### PROBLEM DESCRIPTION
Using the listing below, retype exactly the lines starting at the one with "首先登岸微信,进入微信首页聊" and ending at the one with "An example is", and include both.

### RECORDS SHOWN
"""

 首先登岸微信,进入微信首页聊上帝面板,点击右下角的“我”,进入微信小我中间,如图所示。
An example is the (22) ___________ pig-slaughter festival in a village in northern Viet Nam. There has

"""
"""

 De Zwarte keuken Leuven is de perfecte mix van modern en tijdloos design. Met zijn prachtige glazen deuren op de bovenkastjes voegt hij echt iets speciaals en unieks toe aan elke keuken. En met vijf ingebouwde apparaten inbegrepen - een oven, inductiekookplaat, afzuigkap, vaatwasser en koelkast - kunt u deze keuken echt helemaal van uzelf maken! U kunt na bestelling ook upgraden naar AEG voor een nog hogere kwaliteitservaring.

"""

### SOLUTION TO THIS TASK
 首先登岸微信,进入微信首页聊上帝面板,点击右下角的“我”,进入微信小我中间,如图所示。
An example is the (22) ___________ pig-slaughter festival in a village in northern Viet Nam. There has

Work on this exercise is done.